Demonstrators in Gabon clashed with police and set part of the parliament building on fire on Wednesday amid anger among opposition supporters over president Ali Bongo's re-election in polls that his main rival, Jean Ping, claimed to have won.
Opposition members of the central African oil producer’s electoral commission rejected the result of Saturday’s first-past-the-post election, which would see the Bongo family’s nearly half-century in power extended by another seven years.
France, the US, and the EU all urged calm on Wednesday and called upon Gabonese authorities to release the results of individual polling stations for greater transparency.

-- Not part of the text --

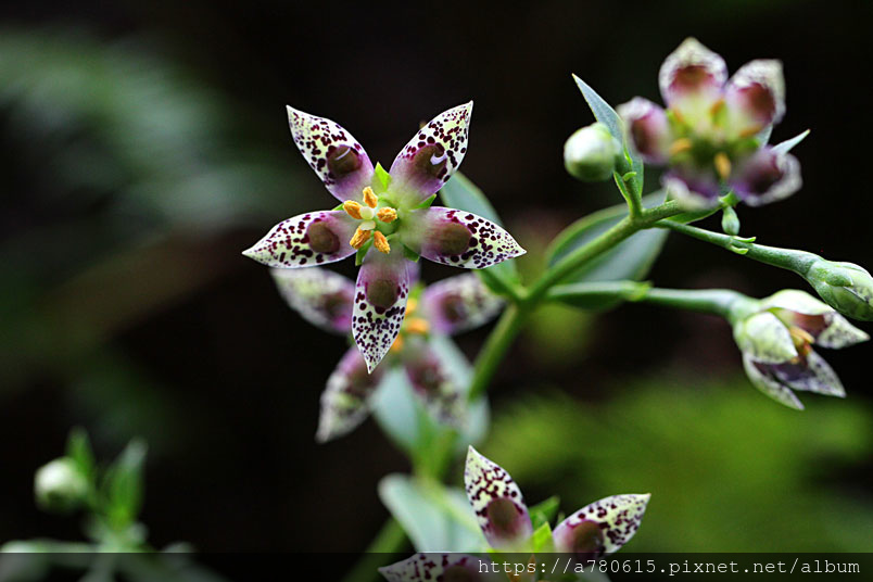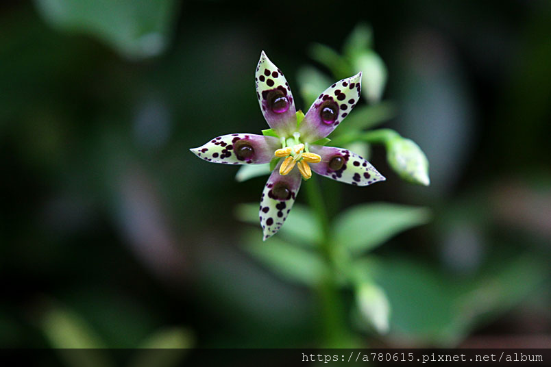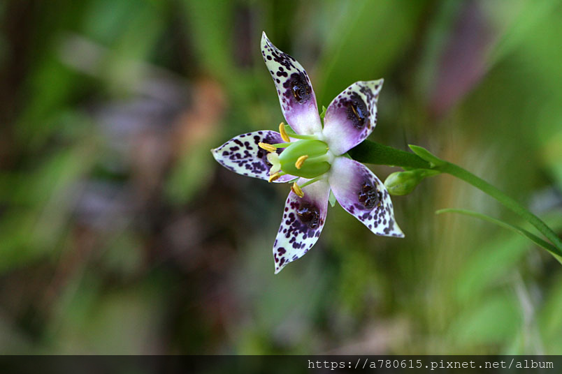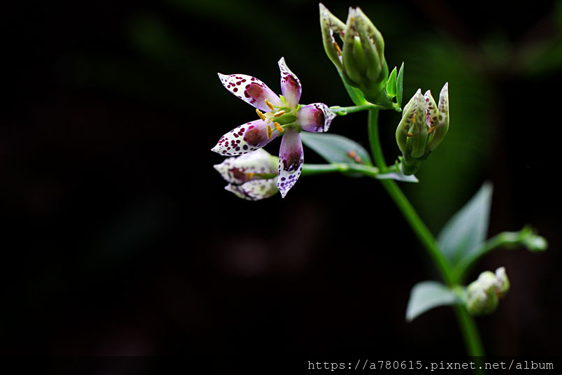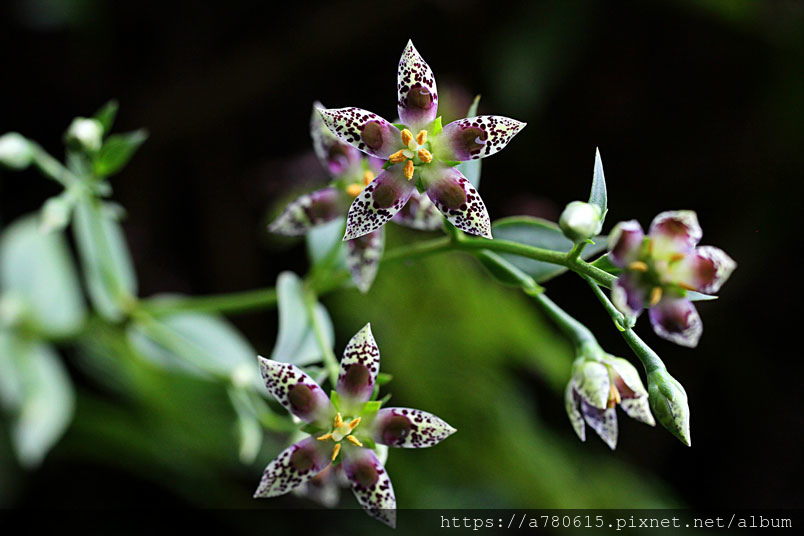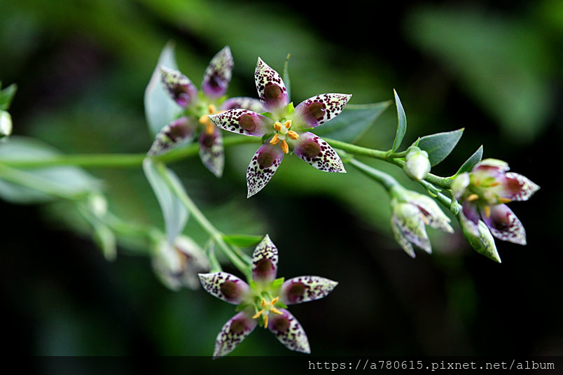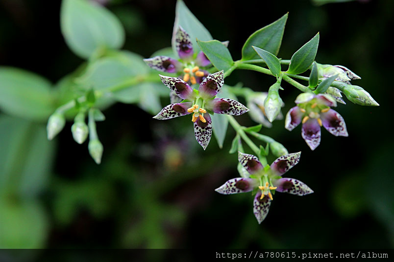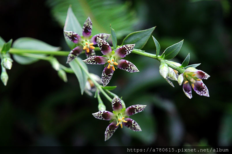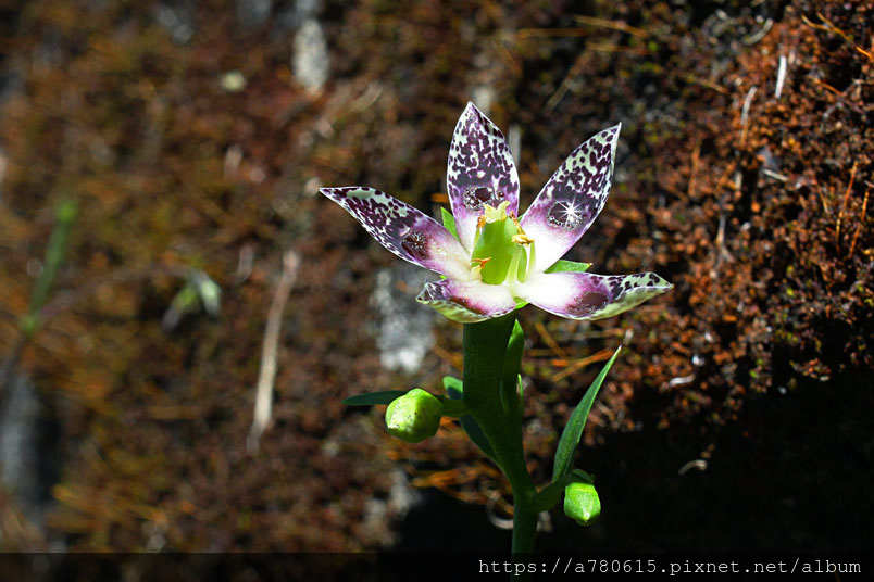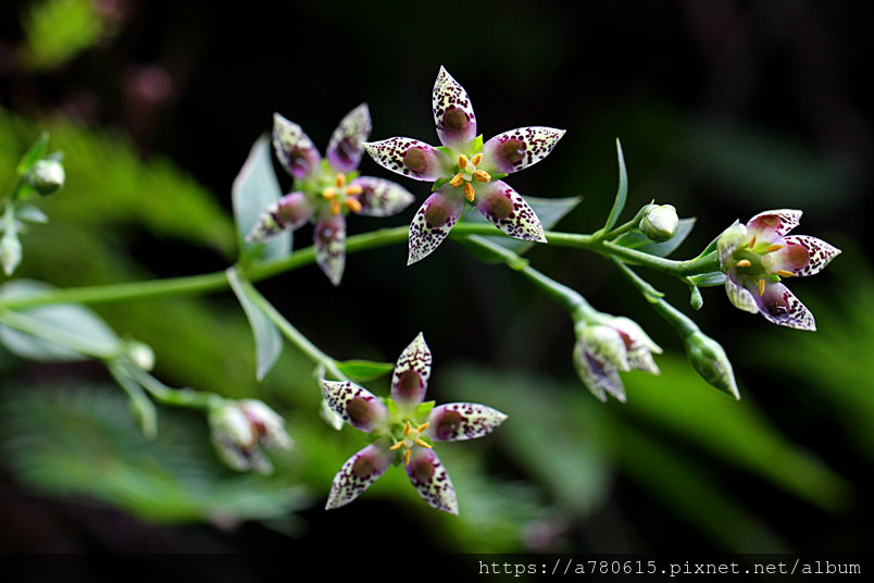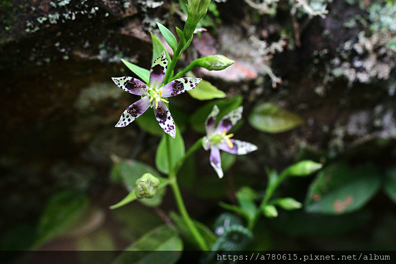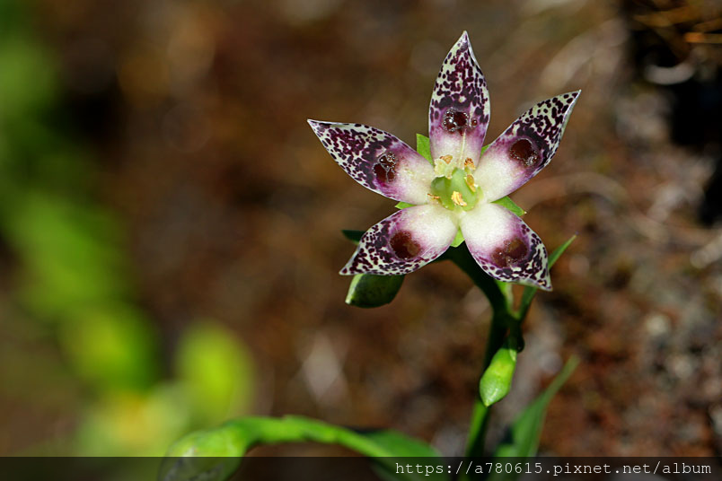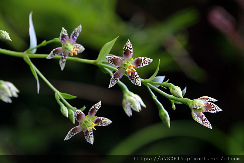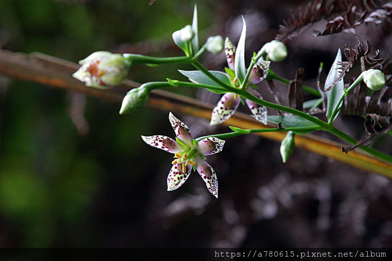 第二年抽莖開花,莖生葉無柄,可達10公分。花白底紫斑,頗為

Bongo won 49.80 per cent of votes, compared to 48.23 per cent for Ping, with a turnout of 59.46 per cent, according to results announced region by region by interior minister Pacome Moubelet Boubeya.
“This victory by such a tight score obliges . . . each of us to respect the verdict of the ballot box and our institutions,” Bongo said in the text of a victory speech distributed to reporters.
“Our country is advancing and that advance must take place with the unity and peace so dear to the Gabonese people.”
Soon after the result was announced on state-owned television, riot police fired teargas in clashes with about 100 opposition supporters in one neighbourhood in the capital Libreville, according to a Reuters witness.
Police and soldiers, meanwhile, were stationed at most crossroads and petrol stations.
Protesters entered the grounds of Gabon’s parliament building, the National Assembly, late in the afternoon.
“The demonstrators entered from the back and set fire to the National Assembly . . . Part of the building is on fire,” said the witness, who asked not to be named.
Firemen arrived and were attempting to put out the blaze, he said. But as night fell over the capital the flames remained visible from a distance.
Several Libreville residents said social media, including Facebook and Twitter, were no longer functioning.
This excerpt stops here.